At around this time, Redford shifted his attention to creating the Sundance festival, celebrating and promoting independent filmmakers. Situated on property Redford purchased that had been the setting for some of Jeremiah Johnson, and named for his character in Butch Cassidy and the Sundance Kid, this was a fitting marriage of name, place, and aspirations. This was Redford as classic liberal America, the isolated, glorious, God-blessed setting enabling the recipients of his largesse to marry an independent ethos with a care for society.

Sundance was Redford was America: the sun seemed to dance for the person, the country that was born on third base, radiant from the heavenly-bestowed light, but cognizant that he and it hadn’t hit a triple, not yet. ‘Giving back’, producing a greater society, was the burden of this beautiful man, this beautiful country.

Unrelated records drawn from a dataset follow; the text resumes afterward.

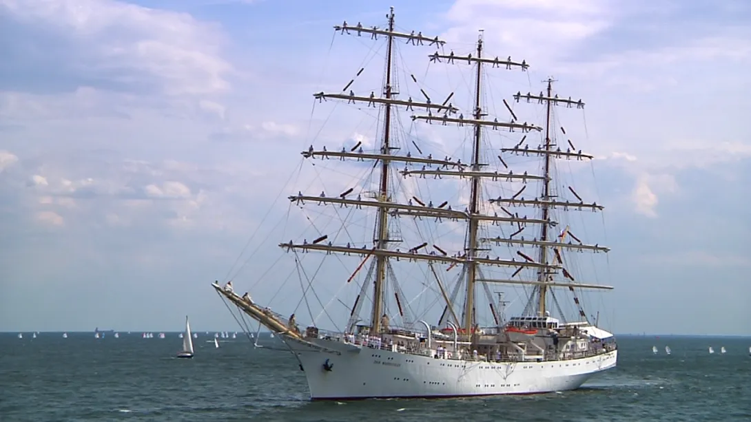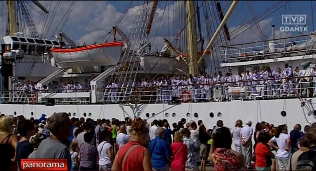 "Dar Młodzieży" jako pierwszy żaglowiec - uczestnik zlotu "Operacja Żagle Gdyni 2014" - zameldował się w gdyńskim porcie. Fregata Akademii Morskiej, pełniąca honorową rolę ambasadora zlotu, zaprezentowała się na wejściu w pełnej paradzie rejowej. Gdynianie i turyści szczelnie wypełnili końcówkę Mola Południowego i oklaskami powitali załogę oraz studentów. Wejście "Daru" relacjonowało wielu reporterów, m.in. "Panoramy" TVP Gdańsk, skąd także zapożyczyliśmy kilka filmowych kadrów.
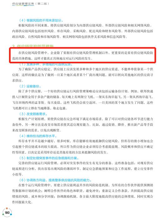 P180页,第二段修改为“在供应链风险管理中,企业除了要拥有供应链风险管理机制以外,更重要的是要有供应链风险防范的具体措施,坚持问题导向,透过现象看本质,把握好全局和局部的关系,这样才能真正具体地应对运行风险的发生。”
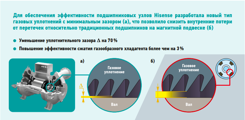 Компания Hisense разработала новый тип газовых уплотнений со сверхмалыми зазорами для снижения потерь от внутренних перетечек. Преимущества по сравнению с традиционными подшипниками на магнитной подвеске очевидны: уменьшение уплотнительного зазора на 70% привело к повышению эффективности сжатия газообразного хладагента более чем на 3% (рис. 3а).
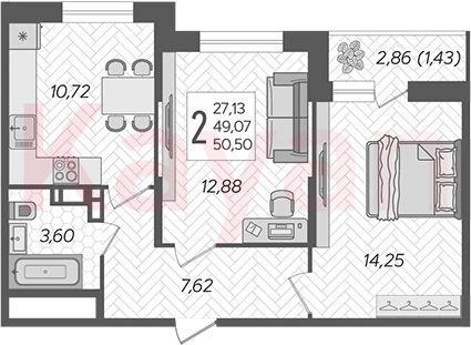 Продажа 2-комн. квартиры, 49.07 кв.м

Four-plus decades later, one cannot get a film into Sundance without ticking off enough of the intersectional boxes. This is late-stage liberalism; this is Redford hectoring Trump like a less-pathetic De Niro. Wokeness in place of art.

In place of the blessed Redford bestowing upon the less fortunate in order to build a great society, a new deal for those born without the Sun dancing upon them, we have ‘progressed’ to. . . those born with the Sun dancing upon them must have stolen the Sun, must have used the poor and downtrodden to steal the Sun and shine it only upon them, and they’d better return the Sun or at least cease the oppression and pay reparations for the theft, and while you’re at it stop calling the victimizers names such as The Sundance Kid: that implies some sort of superiority.

Redford passed just as the extreme right and left coalesced around conspiracy theories about the assassination of Charlie Kirk. Robert Redford, an avatar for an entire country, rode off into the sunset and was barely noticed. The country had moved on, its mania and delusions running itself off the precipice, hurtling into the shattering rapids.

There are many on the sane right and left who will miss Robert Redford, a man to whom everything seemed to come too easily, but who, at least, knew it.

Norman Krieg, a pen name, thinks Ryan O’Neal could have been Redford but for some personal issues hampering his career.